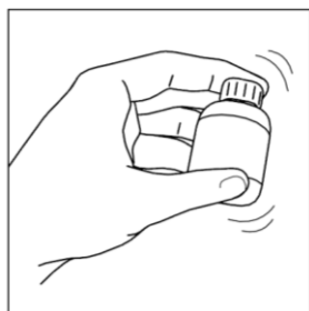
Figure 1: Administration of the veterinary medicinal product
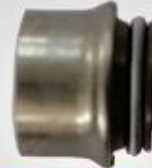
B19 气门油封 Valve oil seal
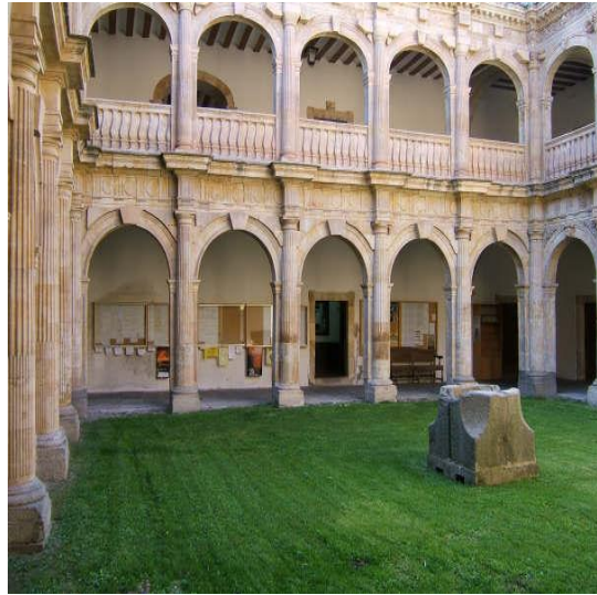
University of Salamanca Language Building
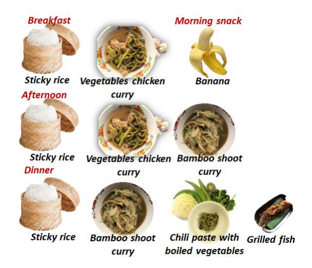
Figure 3. Examples of daily foods (1day)
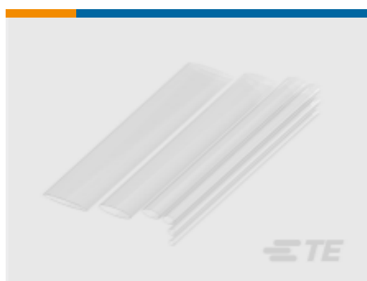
TE Part #NB12834001 RNF-100-1/2-CL-SP
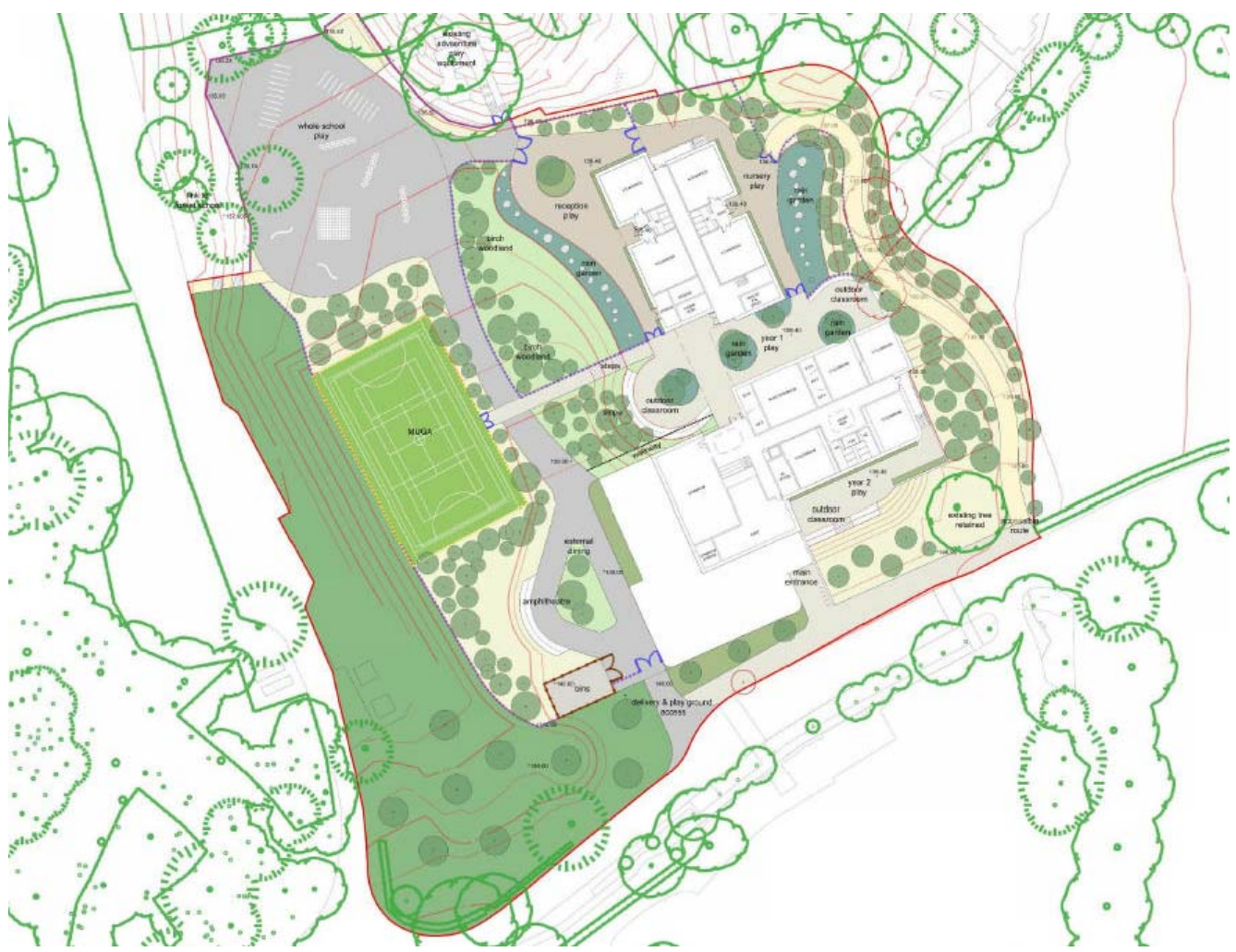
Figure 16: Illustrative landscaping masterplan
════
* _Problem requirements_
Lines that hold "Figure" are the ones to copy, so pick each out from the data.

* _Exercise result_
Figure 1: Administration of the veterinary medicinal product
Figure 3. Examples of daily foods (1day)
Figure 16: Illustrative landscaping masterplan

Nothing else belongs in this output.